Create a virtual environment and activate it:

python3 -m venv virtualenv
source virtualenv/bin/activate

Install the required dependencies:

python3 -m pip install -r requirements.txt

Run the application:

python3 scripts/app.py

In both cases, you will find the application on http://localhost:7860

Find a demo here.

Description

It is a (bio)python-based Gradio bot that searches PubMed and returns the features of the papers that correspond to the search.

You can find a snippet code of the functions used to retrieve and parse data from PubMed in pubmedScraper.py. The workflow is pretty simple:

  • search_pubmed does the actual webscraping, thanks to the Entrez NCBI module, that remotely connects to online servers and communicate with them: the function returns a list of PubMed IDs
  • fetch_pubmed_details, thanks to a faster access to paper metadata and data with the IDs from the previous function, retrieves significant information about papers and outputs it in standard XML format
  • fetch_xml takes care of parsing the XML output and extracting titles, authors, dates of publication and DOIs.
  • respond_to_query outputs the information of interest in a format that is human-readable and message-sendable

You can also find the basic architecture of the python code that is used for the Gradio bot itself.

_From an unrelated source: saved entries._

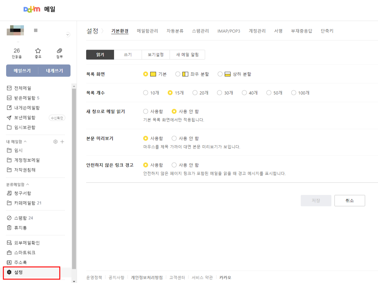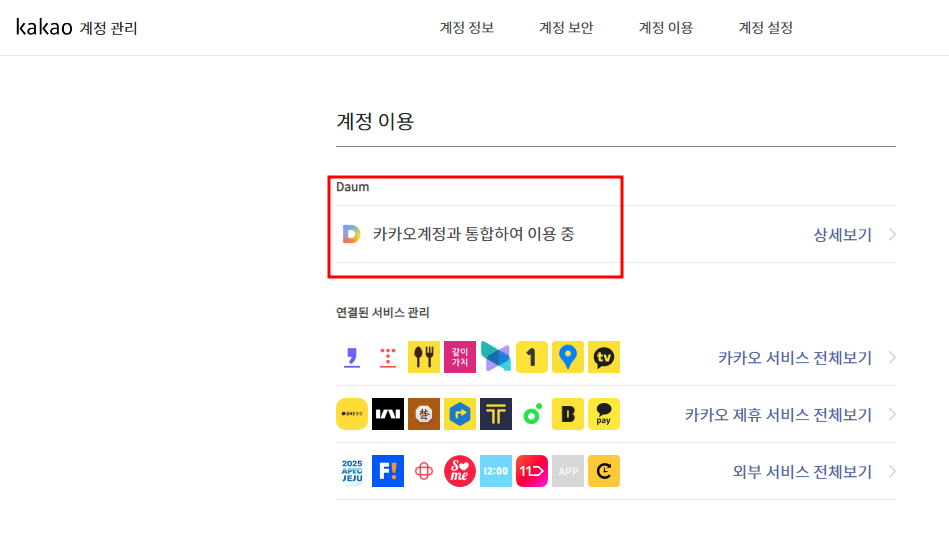 단, 이 방식은 다음 메일이 독립적인 경우에만 가능합니다. 카카오 가입 시 자동으로 만들어진 다음 계정은 연결을 끊을 수 없습니다.
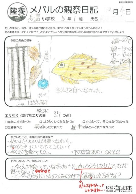ポンプとヒーターに隠れたメバルも詳しく書いてくれています。今日はあまりエサを食べなかったようです。
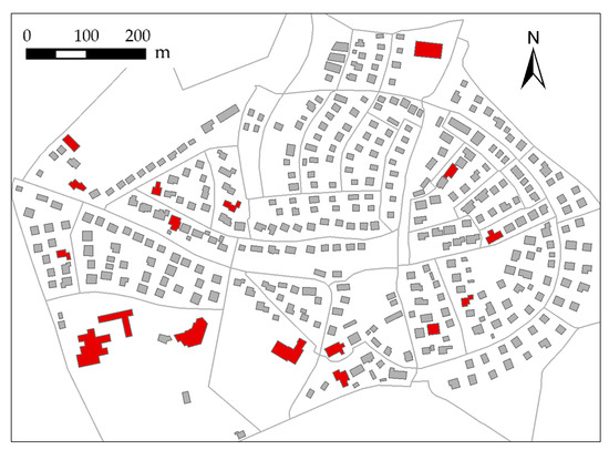 As rendered in red in Figure 4, buildings that are prominent in size or convey specific semantics, such as a hospital or school building, were labeled as important objects. The importance values of these buildings were set to 1 in the initialization of the preference parameter, so that as many as possible would be retained during typification. The rest of the buildings were assigned importance values of 0, and parameter δ was set to the median of the pairwise similarities. The damping factor λ was set to 0.7 by the trial-and-error approach to alleviate the possible oscillations. The maximum number of iterations t-max and the preference adjustment step were set to 300 and 0.01, respectively, according to the preliminary results.

Keep in mind that there are several ways to define a python bot: thus, if you find a faster or better implementation for it, feel free to suggest it in the ISSUE section.

Funding

If you found this project useful, please consider to fund it and make it grow: let's support open-source together!😊

License and rights of usage

This project is provided under MIT license: it will always be open-source and free to use.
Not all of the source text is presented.